Water Supplies#
\(^{1}\)Reservoir of Barrendiola (14-07-2022).
Apr, 2023
Time series analysis Networks
Background#
The reservoir that supplies my county is close to the mountains and gets filled easily if it rains. But its capacity is rather low for the needs of the community and the reservoir empties also easily during dry summers.
Last year the weather was hot and dry, and the scarcity of water was clearly visible throughout the valley. Some days I used to go out for a walk down the path by the river, until I reached a bridge. Then, before turning round and heading back home, I would take a look into the flow of the river. The view from the bridge was depressing: there was very little water running down the stream. It was of no surprise that lately I was not spotting any fish there. The trouts, they were all gone. Like in the old days.
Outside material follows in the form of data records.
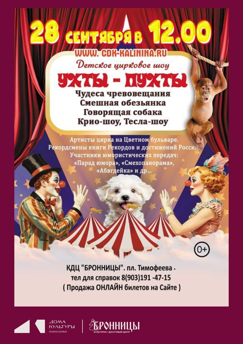 28 сентября 12:00 в МУК КДЦ "Бронницы" Волшебное шоу "Ухты-Пухты" для детей и родителей! Цена билета: 800-1400 рублей. Билеты в кассе КДЦ и онлайн по ссылке: https://iframeab-pre4796.intickets.ru/seance/62695908/ 🎤 Уникальный номер !!!🐶 Говорящая собачка Джеки (артисты разговаривают, не открывая рта! Это называется чревовещание - очень редкое искусство) 🤡 Весёлые клоуны и озорная обезьянка ⚡ Шоу с молниями - красиво и не страшно! (Тесла Шоу) ❄ Ледяное волшебство - удивительные эксперименты со азотом (Крио Шоу) Супер зрелищно! Ещё и очень познавательно! Наши артисты - настоящие звёзды: 🌟 Они выступали в программах "Аншлаг", "Смехопанорама" и других известных шоу 🎪 Работали в цирке Никулина и театре Дуровой 🌍 Гастролировали по разным странам мира Можно будет: - Поиграть с артистами - Стать участником представления Будет очень весело и интересно не только детям, но и... Подробнее: vk.com/wall-23847572_420398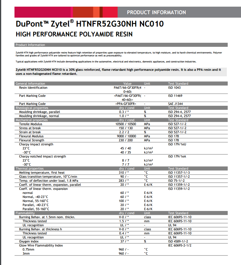 Zytel PPA HTNFR52G30NH NC010/BK337 30% 玻纤增强, 阻燃, 无卤, 高温尼龙, 高性能聚酰胺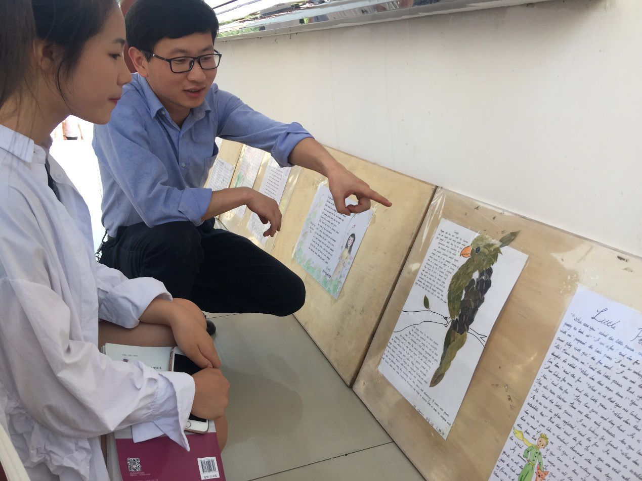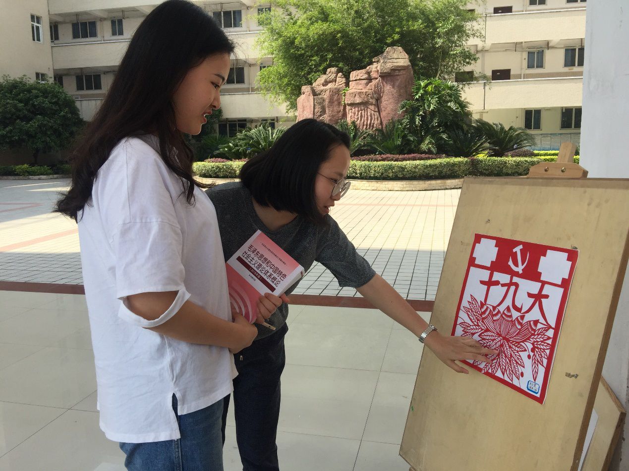 在作品展示环节,部门同志以富有吸引力的话语表达积极向同学们介绍作品寓意及意义,使得作品深受同学们喜爱。其中,周欢老师向同学介绍了一幅党徽照耀下“十九大”字样在万花丛中显现的剪纸作品,彰显了党的事业在“十九大”精神指导下必将蓬勃发展。孔新万老师向同学介绍了一幅“小王子”文章节选的英语书法作品,通过错落有致的行文布局、粗细有别的文字符号、辅以形象生动的漫画人物,深深吸引了员工的注意力而沉浸在优美的文字魅力中。

Some decades ago, this used to be an extremely polluted river. Then investments were made to build a complete water management system. It involved the control of the whole water cycle in the basin: the aforementioned reservoir (buffer) upstream, sewage treatment plant downstream, and the regulation and maintenance of an ecological-friendly water flow all along the stream. The idea was to have fauna and flora back in the river again.
But was it working?
Close to the bridge where trouts had disappeared, there is a gauging station where some parameters of the water are regularly monitored. These measurements are available online: https://www.gipuzkoa.eus/es/web/obrahidraulikoak. So I decided to take a look at the data.
The data in Aitzu#
I downloaded daily water flow rates in the river Urola at the gauging station called Aitzu:
from 01-07-2022 to 28-02-2023 —8 months.
Show code cell source
# Import packages
import pandas as pd
import matplotlib.pyplot as plt
import numpy as np
import seaborn as sns
import calendar
# Read data from file
aitzu = pd.read_csv("data/aitzu.csv",
parse_dates=["date"], index_col="date")
# Convert to m3/s
aitzu["m3/s"] = aitzu["dm3/s"].div(1000)
aitzu = aitzu.drop("dm3/s", axis=1)
print(aitzu)
m3/s
date
2022-07-01 0.173
2022-07-02 0.153
2022-07-03 0.146
2022-07-04 0.165
2022-07-05 0.157
... ...
2023-02-24 2.983
2023-02-25 1.968
2023-02-26 1.740
2023-02-27 1.493
2023-02-28 1.290
[243 rows x 1 columns]
To evaluate those flow rates I needed to compare them to the minimum requirement. After doing some research, I found out that each gauging station is assigned with a minimum water flow rate, called minimum ecological flow rate (Informe de seguimiento del grado de cumplimiento de los regímenes de caudales ecológicos. Año hidrológico 2017-2018. Ura, ur agentzia. Agencia vasca del agua. Marzo 2019.)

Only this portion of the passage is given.